Close enough. I tried not to think about how he had just practically read my mind and instead focused on whatever he was pulling up on the computer.
He clicked on a folder labeled 'poop' and then the subfolder 'more poop,' and it opened up a screen full of a bunch of little documents in neat little rows.
"Poop is secret code for secrets. That way people trying to hack my mainframe will never look in these folders, and by the time they think about maybe looking in them, my security system would have blown their heads off their bodies."
"Oh, and that's happened before?" I asked uneasily.
He looked over his shoulder and his grin turned my stomach. "Do you really want to know that answer?"
I tried to think about the sensitive, not completely ass-like part of him, because maybe it would distract me from the fact that he was a horrible person. That despite whatever little bonding moment I thought we might've just had, he was a monster. For some reason, the realization made me a bit disappointed. I thought maybe he had changed, thought maybe I really had been wrong.
It was the first time I didn't want to be right.
He didn't notice my internal struggle, was too busy sifting through the 'more poop' files in the 'poop' folder.
"Hmm," he said a few moments later, tapping on the holographic mouse there to open up the document his cursor was hovering over. My eyes widened when I read the title- Scarlet Hand. I leaned forward, gripping the back Puck's seat.
The document opened, and I scanned the words on the screen. There were a lot less than I wanted, and the words were very vague.
Tried to hire me for a job four months ago. I declined.
It was the first line of information on the screen, and the first thing I read.
"They tried to hire you?" I asked.
"Yeah. I've worked for Mirror's guys before, Mirror himself, but never this Scarlet Hand. Must be a pretty new group, because even I hadn't heard of it when they approached me about the job. I guess that's why I didn't recognize the name when Thorner was trying to tell me about it."

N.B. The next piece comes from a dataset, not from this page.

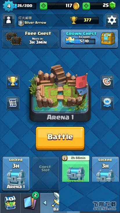 金币和宝石的获取统一途径有开宝箱,宝箱有左侧3小时回复一个的木箱子,还有皇冠宝箱,收集10个皇冠既可得一个金箱子,能开出宝石(按几率)。

"Mm," was my only response. I read the next line.
Run by Mirror. World domination and stuff. Multiple bases and hideouts. Big base somewhere in U.S.
"How'd you know that?"
Puck shrugged. "I snagged this guy who had been trailing me for a while a few months back. Hung him upside down and threatened to do some less than sanitary things if he didn't tell me who he worked for. Apparently he was with the Scarlet Hand, and apparently they didn't like that I hadn't agreed to their job offer yet, so they had sent this guy to finish me off. It was an insult really, sending such a horrible excuse for an assassin, I'm still upset, I mean the-"
"Puck. Focus."
"Right. And so he fessed up. Said he worked for the Scarlet Hand, said he was trying to kill me to tie up loose ends because whoever the Scarlet Hand messed with that was no longer necessary was cut. I asked where I could find them, and he said they had an assortment of bases, began listing off places like Ontario and Atlanta and D.C. and Sydney and London…"

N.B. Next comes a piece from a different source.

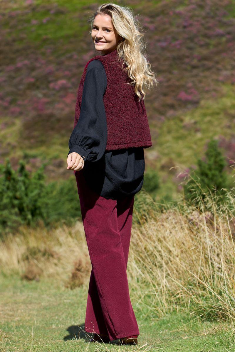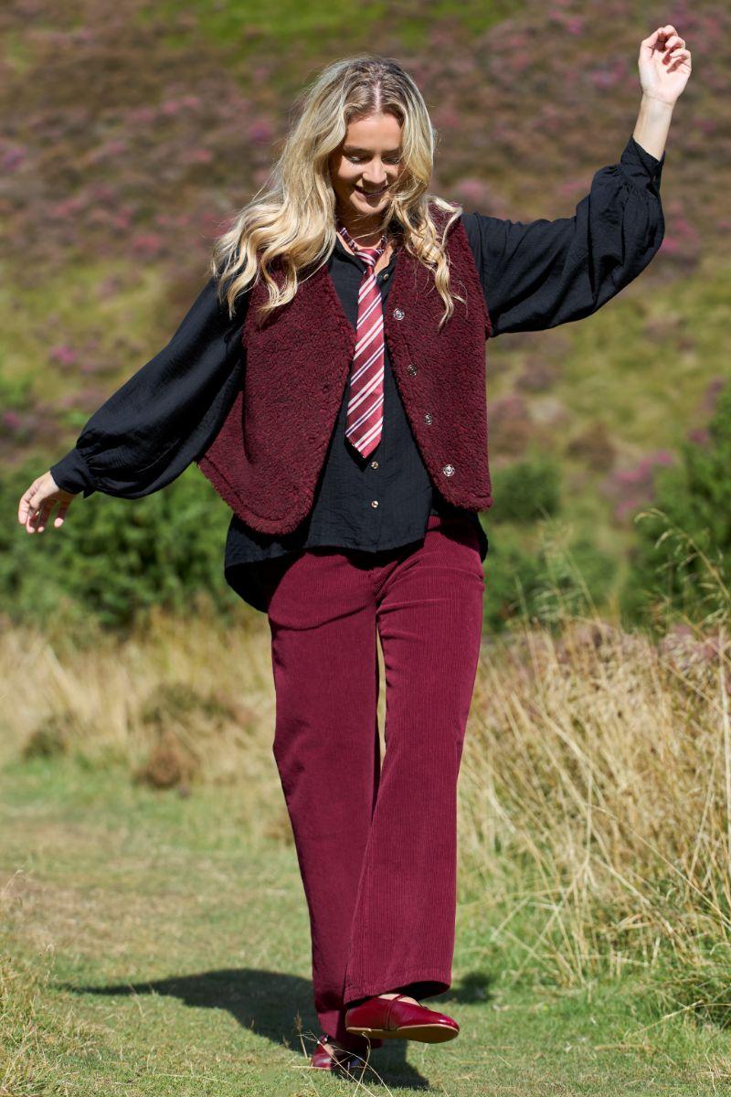 Cora Corduroy Box Pant | Wein | Bukser fra Black Colour

Sure enough the next line of information was a list of places.
"I asked if they had a central base, a center of operation, and he just grinned and nodded. I asked where and he told me it was here, in the United States, but that I'd never find it. With that he swallowed one of those kill pills that had been stuck in his tooth and that was the end of Mr. McFess-up."
I let the information sink in. "Well, that's helpful I guess."

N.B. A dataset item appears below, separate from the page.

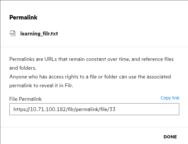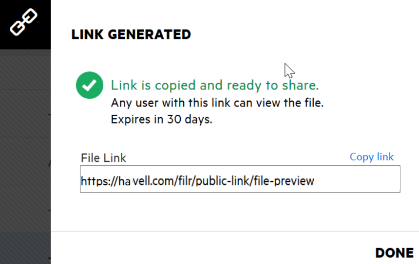 The link is generated and automatically copied to your clipboard. You can now share the link directly with anyone through email, text messages, social media, or any other collaboration forum. Any user clicking on the link will get direct access to the file. Based on the type of link, users will be able to view or download the file.
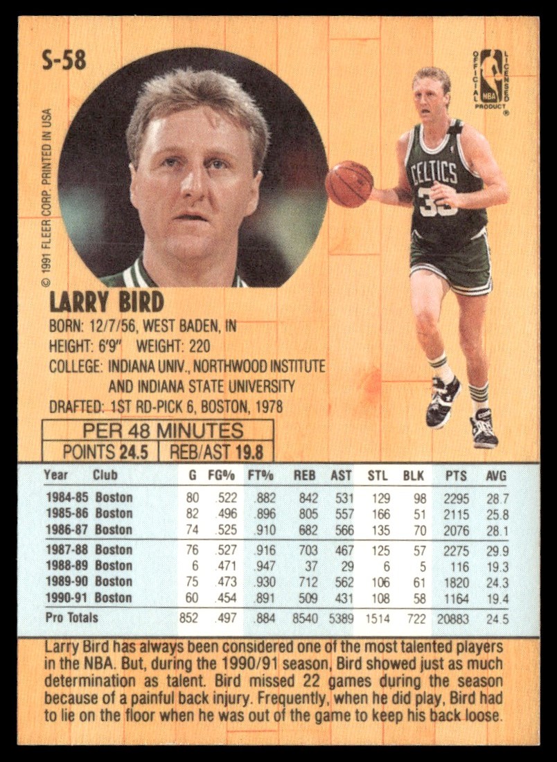 1991-92 Fleer Tony's Pizza Larry Bird Boston Celtics #S-58

"You guess? Of course it's helpful! No one else in the world knows this about the Scarlet Hand but me and the people working in Scarlet Hand!"
"Because you tortured some dude."
"For the record, I just threatened him with torture."
"So you verbally tortured him."
Puck rolled his eyes and let out a sigh of irritation. "Could you please stop being a goodie-two-shoes and focus on the mission at hand? What matters- that one guy had to die to get this information or that we have the fucking information?"
"I'm sure there are other ways of getting it than killing people!"
"Sometimes killing people is the only way! And even if it isn't, it's the easiest option and my personal favorite."
"Fantastic. And it's easy for you? Just killing people?"
"YES. What part of assassin-mercenary-killer do you not understand?"
"I don't know, the heartless part! How can you possible just slaughter people without caring?"
And that was the truth. How could he? I had this stupid, false feeling of hope in me that he could be better, but every time I turned around he squashed it with his brutal ways and harsh words and violent choices and the way he managed to laugh at all of it. He was the kind of person you feared and hated, and yet for some reason I kept wanting to not fear him, to not hate him. My mom had always said I had a way of seeing the best in people, of making them see the best in themselves. But she also told me that some people didn't have a best, some people deserved to just be given up on.
Was he one of those people?
He seemed to sense what I was thinking, what I was feeling, because his smile stretched. "Grimm, there are no such thing as heroes. And in case you didn't notice, if there were, I sure as hell wouldn't be one. So stop thinking otherwise- you're just going to be let down. Trust me, I'd know."
I wanted to protest, but I couldn't, because he had turned back to the computer and in all honesty, I didn't know what I'd say.
"Well, that's all the information I have. I'd say it's some pretty juicy stuff, I could probably sell it for a nice sum of cash…"
He trailed off, looking thoughtful, but at my glare he grinned. "Which I would never ever do if it meant upsetting my favorite side-kick."
This time I rolled my eyes. He looked pleased by that, and hopped out of the chair, the holographic keys and mouse disappearing as he left.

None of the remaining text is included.